§ Work to be completed: The reply to the records below should contain exactly the lines from the line with "и создается гравюра." through the line with "Huomaa, että kontaktiryhmien", and nothing besides.

§ Data in this exercise:
%%

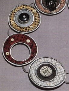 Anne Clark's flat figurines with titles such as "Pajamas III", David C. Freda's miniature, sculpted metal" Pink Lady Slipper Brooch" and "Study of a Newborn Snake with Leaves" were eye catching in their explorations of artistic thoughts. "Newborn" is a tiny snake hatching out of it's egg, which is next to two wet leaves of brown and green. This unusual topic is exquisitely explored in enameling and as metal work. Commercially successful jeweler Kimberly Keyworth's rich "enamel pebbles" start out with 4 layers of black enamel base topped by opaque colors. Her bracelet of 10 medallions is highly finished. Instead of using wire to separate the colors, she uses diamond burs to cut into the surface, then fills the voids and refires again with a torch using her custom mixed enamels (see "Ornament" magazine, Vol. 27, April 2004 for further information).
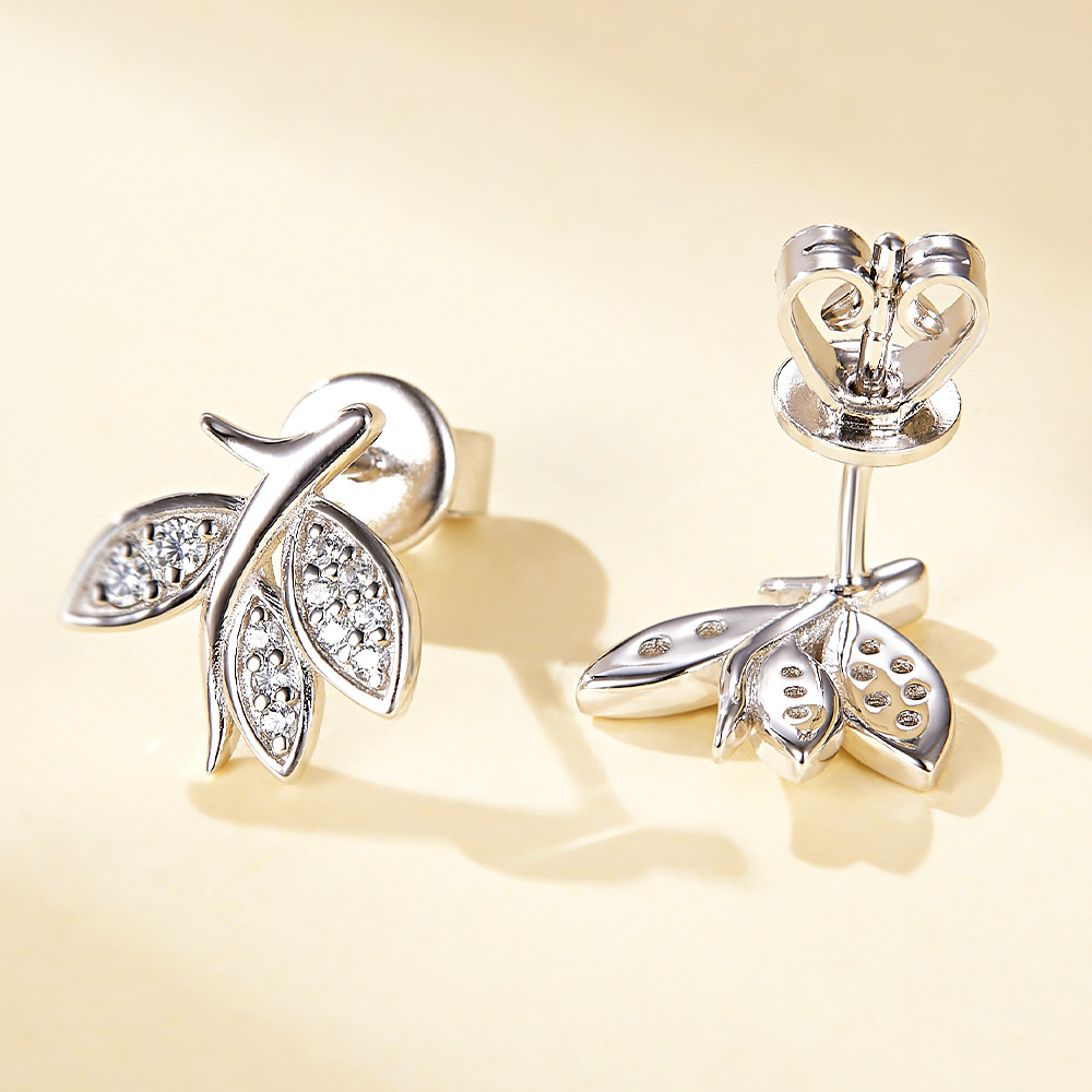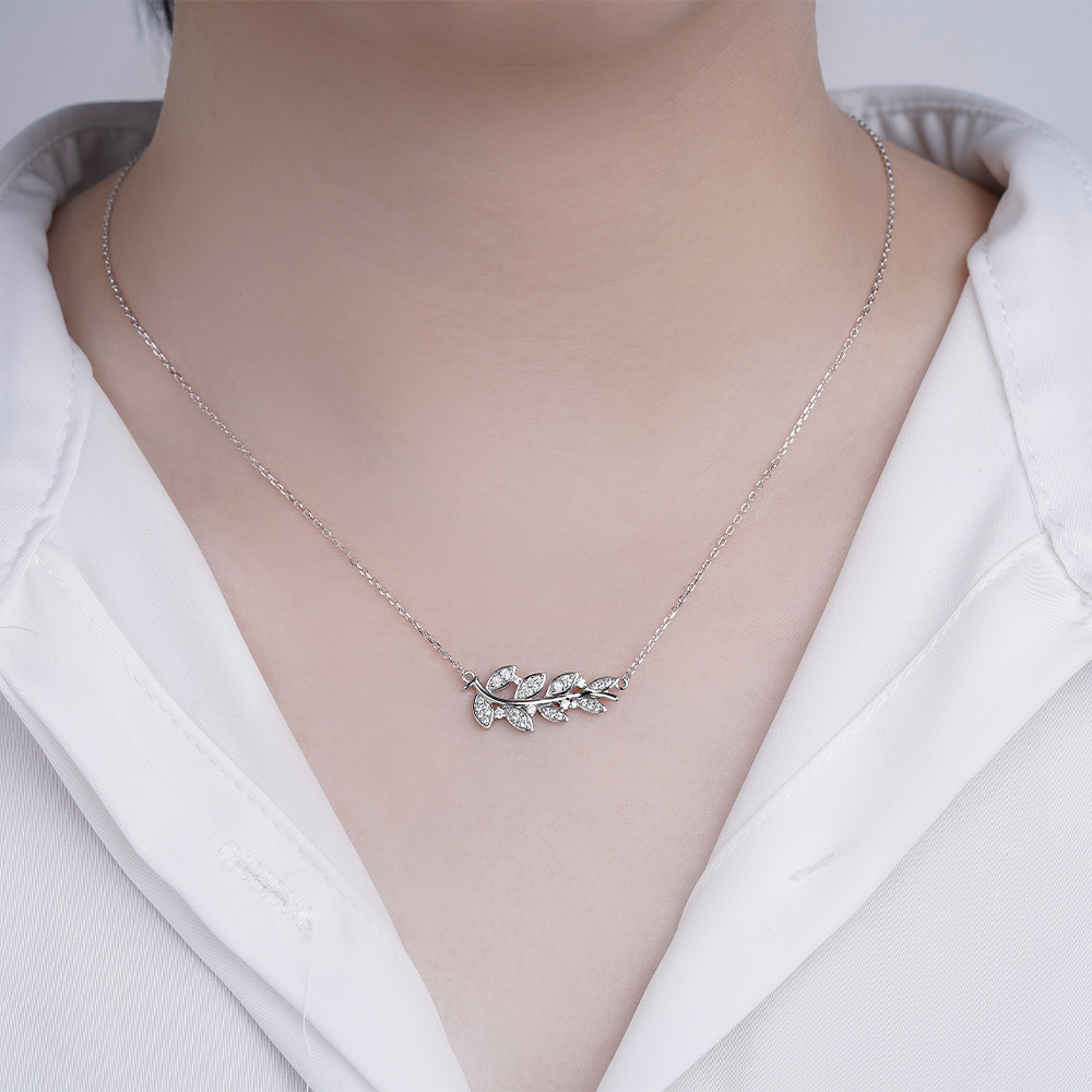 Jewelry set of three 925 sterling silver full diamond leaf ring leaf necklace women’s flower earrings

%%
%%

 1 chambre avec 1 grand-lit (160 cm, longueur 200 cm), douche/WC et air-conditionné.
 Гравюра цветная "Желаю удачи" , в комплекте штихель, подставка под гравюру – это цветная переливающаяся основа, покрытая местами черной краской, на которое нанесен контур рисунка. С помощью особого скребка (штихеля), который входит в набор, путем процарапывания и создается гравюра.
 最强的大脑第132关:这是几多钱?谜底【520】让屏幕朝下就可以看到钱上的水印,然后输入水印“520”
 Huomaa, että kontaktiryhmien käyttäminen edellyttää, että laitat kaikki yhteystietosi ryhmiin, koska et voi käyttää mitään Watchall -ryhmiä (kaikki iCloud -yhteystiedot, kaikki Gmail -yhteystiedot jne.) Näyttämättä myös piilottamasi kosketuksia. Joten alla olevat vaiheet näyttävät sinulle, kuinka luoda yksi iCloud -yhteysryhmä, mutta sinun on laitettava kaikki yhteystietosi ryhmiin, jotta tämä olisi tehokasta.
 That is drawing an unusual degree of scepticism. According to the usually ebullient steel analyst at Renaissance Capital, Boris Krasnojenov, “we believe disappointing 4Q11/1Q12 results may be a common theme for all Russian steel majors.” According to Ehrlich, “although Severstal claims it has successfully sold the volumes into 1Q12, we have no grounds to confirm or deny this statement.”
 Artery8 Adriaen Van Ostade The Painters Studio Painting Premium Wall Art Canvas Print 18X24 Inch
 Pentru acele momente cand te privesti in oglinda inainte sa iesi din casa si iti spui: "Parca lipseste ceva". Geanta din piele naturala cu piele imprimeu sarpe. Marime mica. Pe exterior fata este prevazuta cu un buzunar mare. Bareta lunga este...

%%
%%

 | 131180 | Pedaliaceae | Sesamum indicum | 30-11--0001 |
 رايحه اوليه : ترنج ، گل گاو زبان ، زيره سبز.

%%

§ Result:
 Гравюра цветная "Желаю удачи" , в комплекте штихель, подставка под гравюру – это цветная переливающаяся основа, покрытая местами черной краской, на которое нанесен контур рисунка. С помощью особого скребка (штихеля), который входит в набор, путем процарапывания и создается гравюра.
 最强的大脑第132关:这是几多钱?谜底【520】让屏幕朝下就可以看到钱上的水印,然后输入水印“520”
 Huomaa, että kontaktiryhmien käyttäminen edellyttää, että laitat kaikki yhteystietosi ryhmiin, koska et voi käyttää mitään Watchall -ryhmiä (kaikki iCloud -yhteystiedot, kaikki Gmail -yhteystiedot jne.) Näyttämättä myös piilottamasi kosketuksia. Joten alla olevat vaiheet näyttävät sinulle, kuinka luoda yksi iCloud -yhteysryhmä, mutta sinun on laitettava kaikki yhteystietosi ryhmiin, jotta tämä olisi tehokasta.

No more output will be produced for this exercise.